Vault eventual consistency
Vault Enterprise license or HCP Vault Dedicated cluster required.
When running in a cluster, Vault has an eventual consistency model. Only one node (the leader) can write to Vault's storage. Users generally expect read-after-write consistency: in other words, after writing foo=1, a subsequent read of foo should return 1. Depending on the Vault configuration this isn't always the case. When using performance standbys with Integrated Storage, or when using performance replication, there are some sequences of operations that don't always yield read-after-write consistency.
Performance standby nodes
When using the Integrated Storage backend without performance standbys, only a single Vault node (the active node) handles requests. Requests sent to regular standbys are handled by forwarding them to the active node. This Vault configuration gives Vault the same behavior as the default Consul consistency model.
When using the Integrated Storage backend with performance standbys, both the active node and performance standbys can handle requests. If a performance standby handles a login request, or a request that generates a dynamic secret, the performance standby will issue a remote procedure call (RPC) to the active node to store the token and/or lease. If the performance standby handles any other request that results in a storage write, it will forward that request to the active node in the same way a regular standby forwards all requests.
With Integrated Storage, all writes occur on the active node, which then issues RPCs to update the local storage on every other node. Between when the active node writes the data to its local disk, and when those RPCs are handled on the other nodes to write the data to their local disks, those nodes present a stale view of the data.

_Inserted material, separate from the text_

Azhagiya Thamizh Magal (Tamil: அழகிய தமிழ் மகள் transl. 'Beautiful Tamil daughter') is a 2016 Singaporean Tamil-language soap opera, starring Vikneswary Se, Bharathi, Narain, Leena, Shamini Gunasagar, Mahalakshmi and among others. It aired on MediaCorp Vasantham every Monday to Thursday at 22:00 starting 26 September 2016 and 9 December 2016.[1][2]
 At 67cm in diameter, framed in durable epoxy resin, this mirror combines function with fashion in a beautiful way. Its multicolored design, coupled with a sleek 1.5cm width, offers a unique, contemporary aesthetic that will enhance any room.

As a result, even if you're always talking to the same performance standby, you may not get read-after-write semantics. The write gets sent to the active node, and if the subsequent read request occurs before the new data gets sent to the node handling the read request, the read request won't be able to take the write into account because the new data isn't present on that node yet.
Performance replication
A similar phenomenon occurs when using performance replication. One example
of how this manifests is when using shared mounts. If a KV secrets engine
is mounted on the primary with local=false
, it will exist on the secondary
cluster as well. The secondary cluster can handle requests to that mount,
though as with performance standbys, write requests must be forwarded - in
this case to the primary active node. Once data is written to the primary cluster,
it won't be visible on the secondary cluster until the data has been replicated
from the primary. Therefore, on the secondary cluster, it initially appears as if
the data write hasn't happened.
If the secondary cluster is using Integrated Storage, and the read request is being handled on one of its performance standbys, the problem is exacerbated because it has to be sent first from the primary active node to the secondary active node, and then from there to the secondary performance standby, each of which can introduce their own form of lag.

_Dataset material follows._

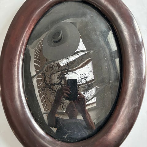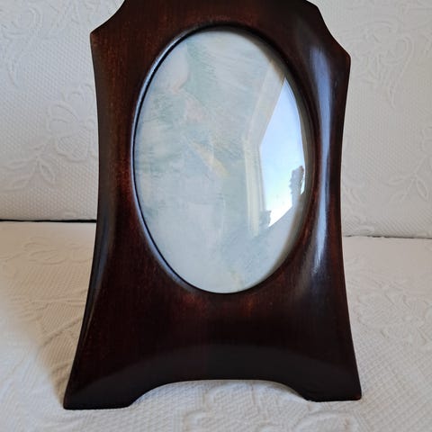 Smuk oval billedramme med buet glas.

Even without shared secret engines, stale reads can still happen with performance replication. The Identity subsystem aims to provide a view on entities and groups which span across clusters. As such, when logging in to a secondary cluster using a shared mount, Vault tries to generate an entity and alias if they don't already exist, and these must be stored on the primary using an RPC. Something similar happens with groups.

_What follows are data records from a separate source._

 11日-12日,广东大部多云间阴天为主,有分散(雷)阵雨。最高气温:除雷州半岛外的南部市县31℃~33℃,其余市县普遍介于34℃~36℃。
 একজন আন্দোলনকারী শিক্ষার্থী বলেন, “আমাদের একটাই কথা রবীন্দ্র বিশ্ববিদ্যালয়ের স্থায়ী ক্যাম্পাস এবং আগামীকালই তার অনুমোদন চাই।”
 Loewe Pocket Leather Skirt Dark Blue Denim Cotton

Clock skew and replication lag
As seen above, both performance standbys and replication secondaries can lag behind the active node or the primary. As of Vault 1.17, it's possible to get some insight into that lag using sys/health, sys/ha-status, and the replication status endpoints.
Secondaries and standbys regularly issue an "echo" heartbeat RPC to their upstream source. This heartbeat serves many purposes, one of them being to get a rough idea of whether the clocks of the client and server are in sync. The server response to the heartbeat RPC includes the server's local clock time, and the client takes the delta in milliseconds between that time and the client's local clock time to compute the clock_skew_ms field. No effort is made to factor into that field the time it took to actually perform the RPC, though that information is made available as the last_heartbeat_duration_ms field. In other words, the reported clock skew has an uncertainty of up to last_heartbeat_duration_ms.
Vault assumes that clocks are synced across all nodes in a cluster, and if they aren't, problems may arise, e.g. one node may think that a lease has expired and another node won't yet. Some community-supported storage backends may have further problems relating to HA mode.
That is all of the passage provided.